#### Work instruction
Would you write out the full listing exactly, without any pictures?

#### Source data
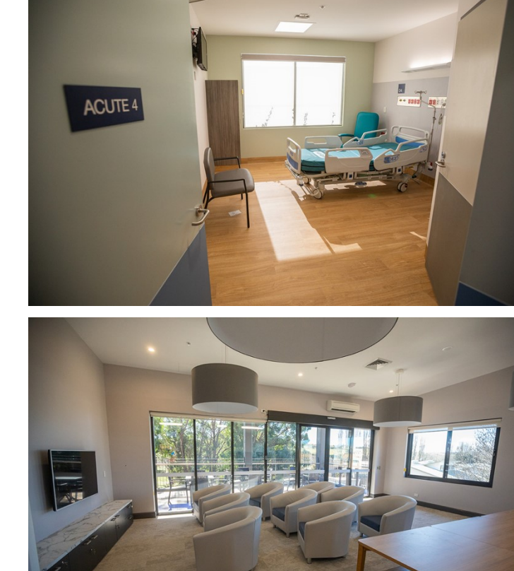
Pictured above: Inside the Braidwood MPS.

Finishing works include demolishing the old hospital buildings and building the new staff accommodation units, car parking areas and landscaping outdoor areas.
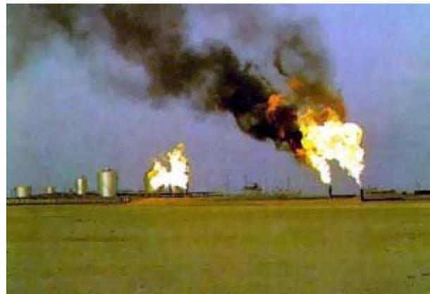
Russian Natural gas fields to supply Turkey

Last November, Russia's Gazprom completed the final stage of its 1,213km, $3.2 billion Blue Stream gas pipeline. The project brings gas from its fields in Krasnodar, then by underwater pipelines across the Black Sea to the Durusu Terminal near Samsun on the Turkish Black Sea coast. From there the pipeline supplies Russian gas to Ankara. When it reaches full capacity in 2010, it will carry an estimated 16 billion cubic meters gas a year.

#### Answer to the problem
Pictured above: Inside the Braidwood MPS.

Finishing works include demolishing the old hospital buildings and building the new staff accommodation units, car parking areas and landscaping outdoor areas.
Russian Natural gas fields to supply Turkey

Last November, Russia's Gazprom completed the final stage of its 1,213km, $3.2 billion Blue Stream gas pipeline. The project brings gas from its fields in Krasnodar, then by underwater pipelines across the Black Sea to the Durusu Terminal near Samsun on the Turkish Black Sea coast. From there the pipeline supplies Russian gas to Ankara. When it reaches full capacity in 2010, it will carry an estimated 16 billion cubic meters gas a year.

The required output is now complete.